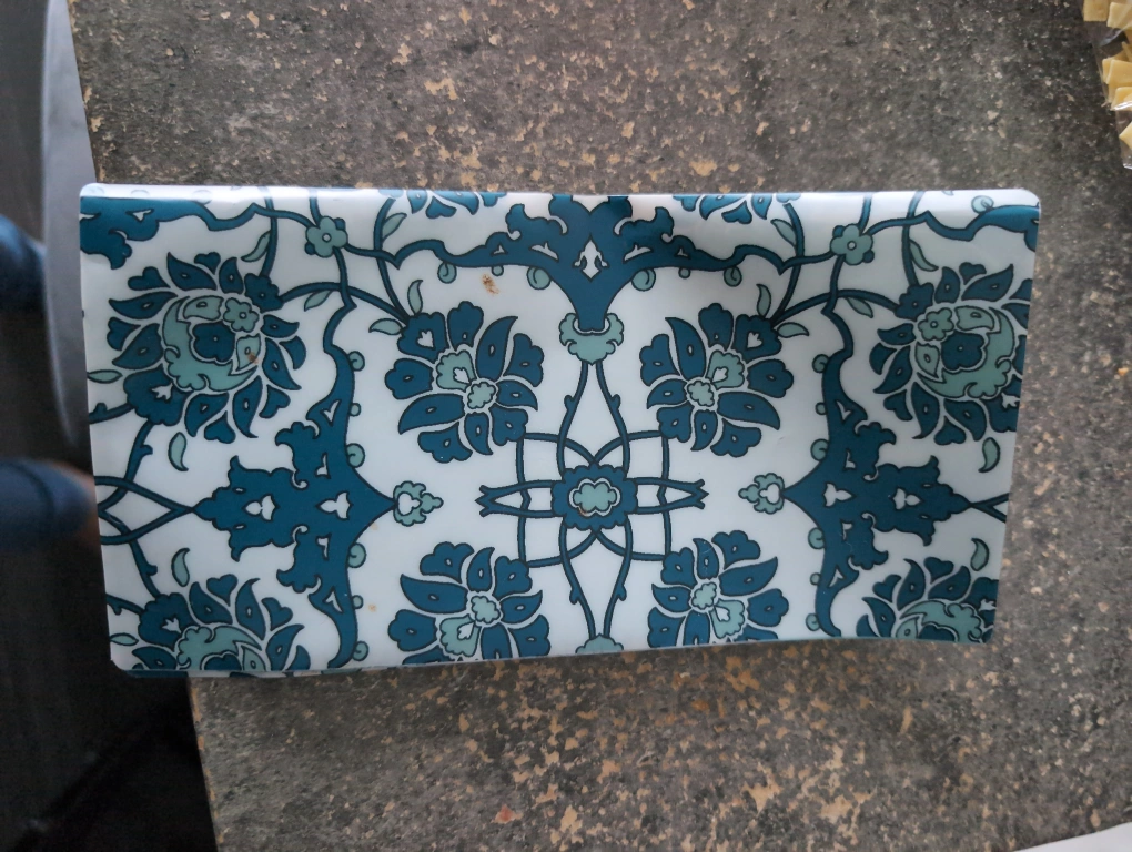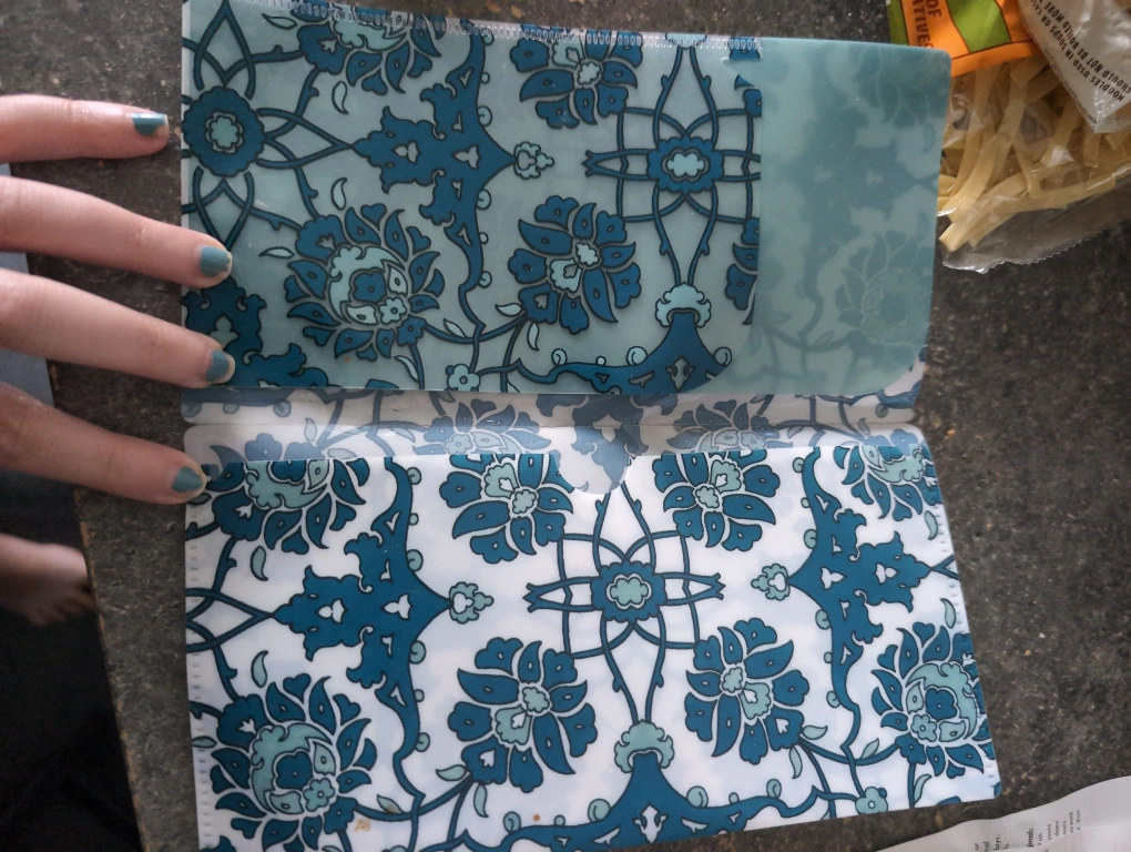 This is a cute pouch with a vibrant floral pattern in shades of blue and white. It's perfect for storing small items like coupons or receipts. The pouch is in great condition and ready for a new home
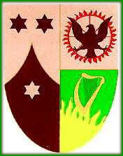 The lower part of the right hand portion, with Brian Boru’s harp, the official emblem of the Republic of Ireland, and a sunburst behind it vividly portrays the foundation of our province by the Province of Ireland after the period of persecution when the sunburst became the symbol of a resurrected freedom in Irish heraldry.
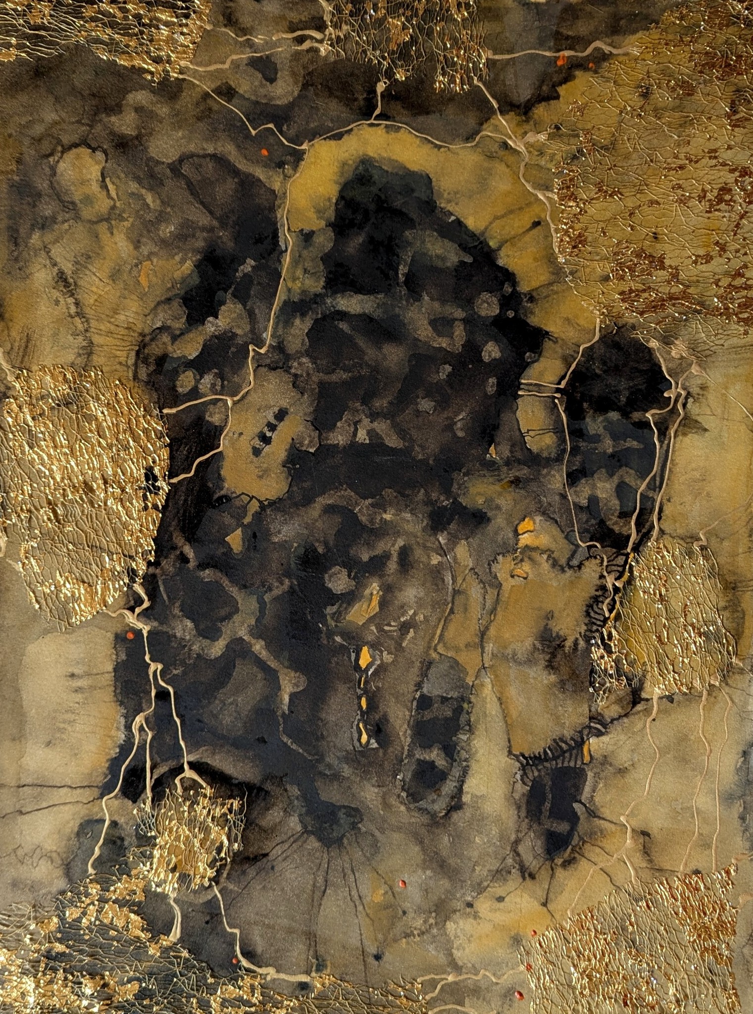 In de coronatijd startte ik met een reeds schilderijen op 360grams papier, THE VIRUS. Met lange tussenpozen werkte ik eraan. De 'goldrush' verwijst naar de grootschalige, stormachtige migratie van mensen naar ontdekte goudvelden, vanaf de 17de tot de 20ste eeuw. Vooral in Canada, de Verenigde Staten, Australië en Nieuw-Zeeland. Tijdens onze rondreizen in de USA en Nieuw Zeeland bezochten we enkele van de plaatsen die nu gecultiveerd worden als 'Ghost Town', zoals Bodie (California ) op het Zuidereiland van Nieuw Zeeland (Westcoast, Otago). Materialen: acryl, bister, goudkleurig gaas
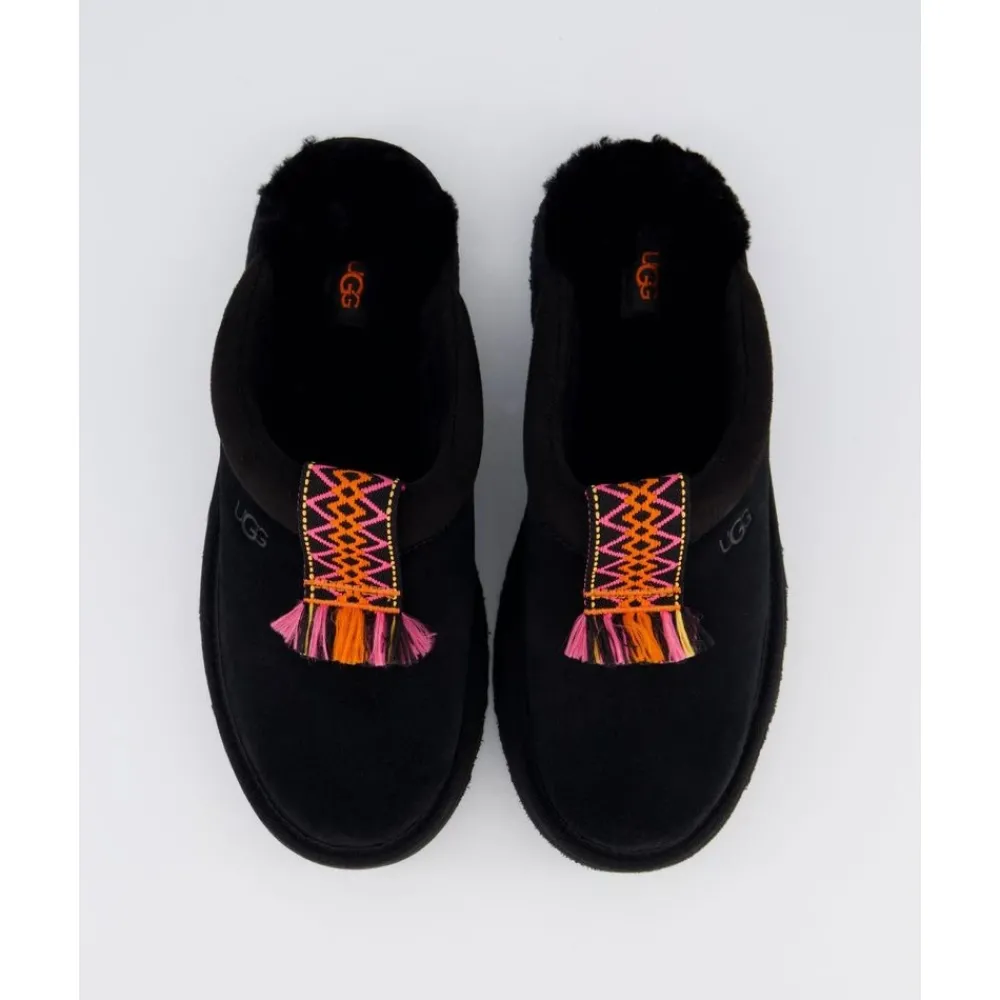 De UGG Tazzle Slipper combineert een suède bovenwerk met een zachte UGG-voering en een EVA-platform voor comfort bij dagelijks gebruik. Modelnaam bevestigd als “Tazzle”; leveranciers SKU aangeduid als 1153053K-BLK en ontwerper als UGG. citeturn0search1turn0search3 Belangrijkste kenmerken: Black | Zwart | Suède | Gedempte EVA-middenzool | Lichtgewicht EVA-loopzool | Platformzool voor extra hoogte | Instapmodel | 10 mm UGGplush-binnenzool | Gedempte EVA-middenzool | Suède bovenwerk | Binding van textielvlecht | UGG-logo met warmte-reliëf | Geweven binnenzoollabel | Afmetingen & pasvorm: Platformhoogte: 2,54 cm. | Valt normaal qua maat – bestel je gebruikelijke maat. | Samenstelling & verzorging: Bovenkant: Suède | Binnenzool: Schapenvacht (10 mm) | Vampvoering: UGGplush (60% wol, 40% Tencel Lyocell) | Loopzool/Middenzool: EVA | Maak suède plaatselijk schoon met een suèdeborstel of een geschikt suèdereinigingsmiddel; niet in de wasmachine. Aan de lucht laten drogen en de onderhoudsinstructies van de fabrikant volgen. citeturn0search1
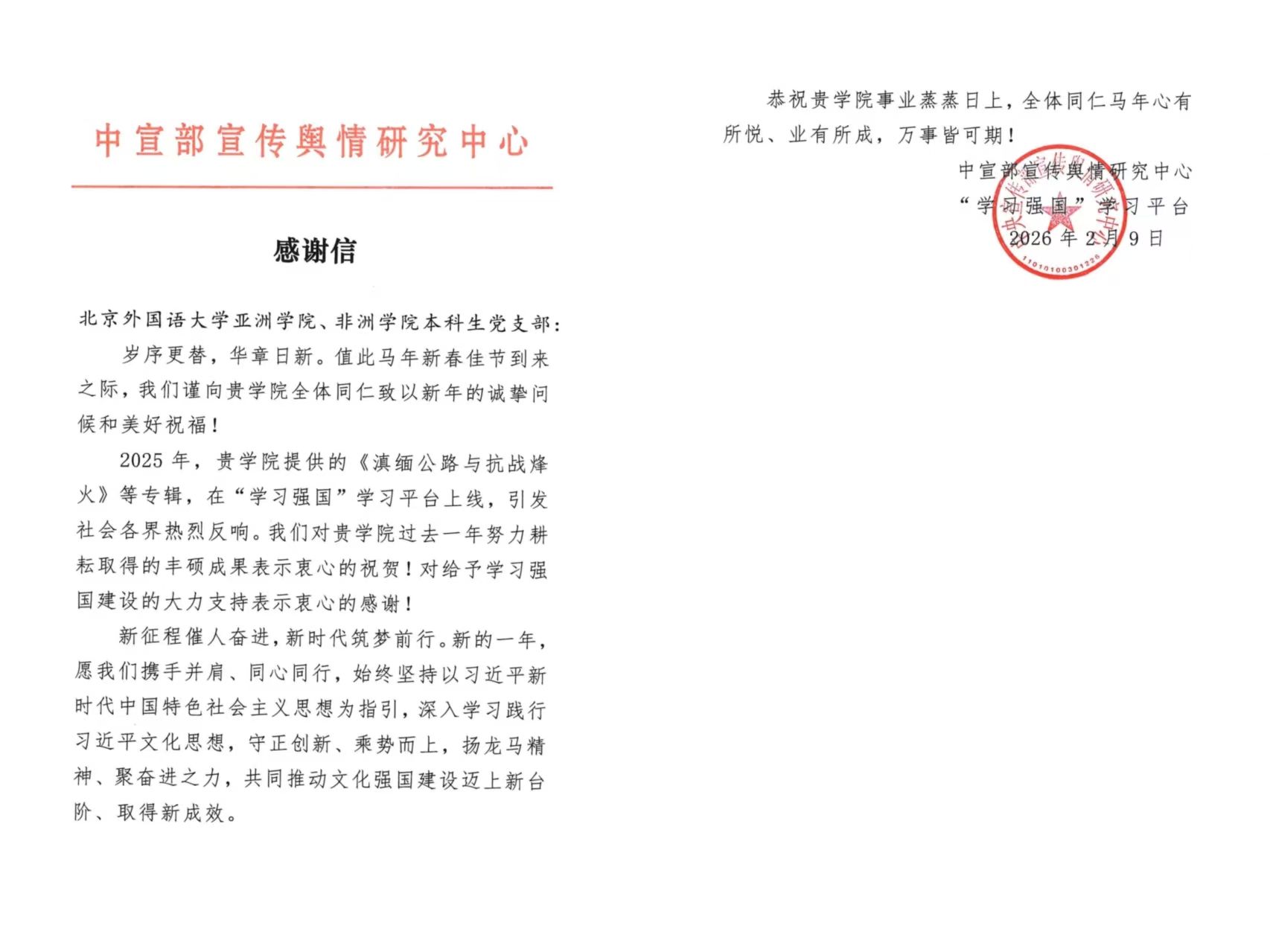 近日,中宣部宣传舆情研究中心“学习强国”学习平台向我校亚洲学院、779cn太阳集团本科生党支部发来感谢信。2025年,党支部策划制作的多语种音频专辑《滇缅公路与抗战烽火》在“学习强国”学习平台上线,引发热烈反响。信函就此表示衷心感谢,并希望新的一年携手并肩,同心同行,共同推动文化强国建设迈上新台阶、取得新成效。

*What is being asked:* Would you please output only the lines from the start of the material above up to and including the line with "De UGG Tazzle", exactly as they appear and without pictures?

*Solved exercise:*
 This is a cute pouch with a vibrant floral pattern in shades of blue and white. It's perfect for storing small items like coupons or receipts. The pouch is in great condition and ready for a new home
 The lower part of the right hand portion, with Brian Boru’s harp, the official emblem of the Republic of Ireland, and a sunburst behind it vividly portrays the foundation of our province by the Province of Ireland after the period of persecution when the sunburst became the symbol of a resurrected freedom in Irish heraldry.
 In de coronatijd startte ik met een reeds schilderijen op 360grams papier, THE VIRUS. Met lange tussenpozen werkte ik eraan. De 'goldrush' verwijst naar de grootschalige, stormachtige migratie van mensen naar ontdekte goudvelden, vanaf de 17de tot de 20ste eeuw. Vooral in Canada, de Verenigde Staten, Australië en Nieuw-Zeeland. Tijdens onze rondreizen in de USA en Nieuw Zeeland bezochten we enkele van de plaatsen die nu gecultiveerd worden als 'Ghost Town', zoals Bodie (California ) op het Zuidereiland van Nieuw Zeeland (Westcoast, Otago). Materialen: acryl, bister, goudkleurig gaas
 De UGG Tazzle Slipper combineert een suède bovenwerk met een zachte UGG-voering en een EVA-platform voor comfort bij dagelijks gebruik. Modelnaam bevestigd als “Tazzle”; leveranciers SKU aangeduid als 1153053K-BLK en ontwerper als UGG. citeturn0search1turn0search3 Belangrijkste kenmerken: Black | Zwart | Suède | Gedempte EVA-middenzool | Lichtgewicht EVA-loopzool | Platformzool voor extra hoogte | Instapmodel | 10 mm UGGplush-binnenzool | Gedempte EVA-middenzool | Suède bovenwerk | Binding van textielvlecht | UGG-logo met warmte-reliëf | Geweven binnenzoollabel | Afmetingen & pasvorm: Platformhoogte: 2,54 cm. | Valt normaal qua maat – bestel je gebruikelijke maat. | Samenstelling & verzorging: Bovenkant: Suède | Binnenzool: Schapenvacht (10 mm) | Vampvoering: UGGplush (60% wol, 40% Tencel Lyocell) | Loopzool/Middenzool: EVA | Maak suède plaatselijk schoon met een suèdeborstel of een geschikt suèdereinigingsmiddel; niet in de wasmachine. Aan de lucht laten drogen en de onderhoudsinstructies van de fabrikant volgen. citeturn0search1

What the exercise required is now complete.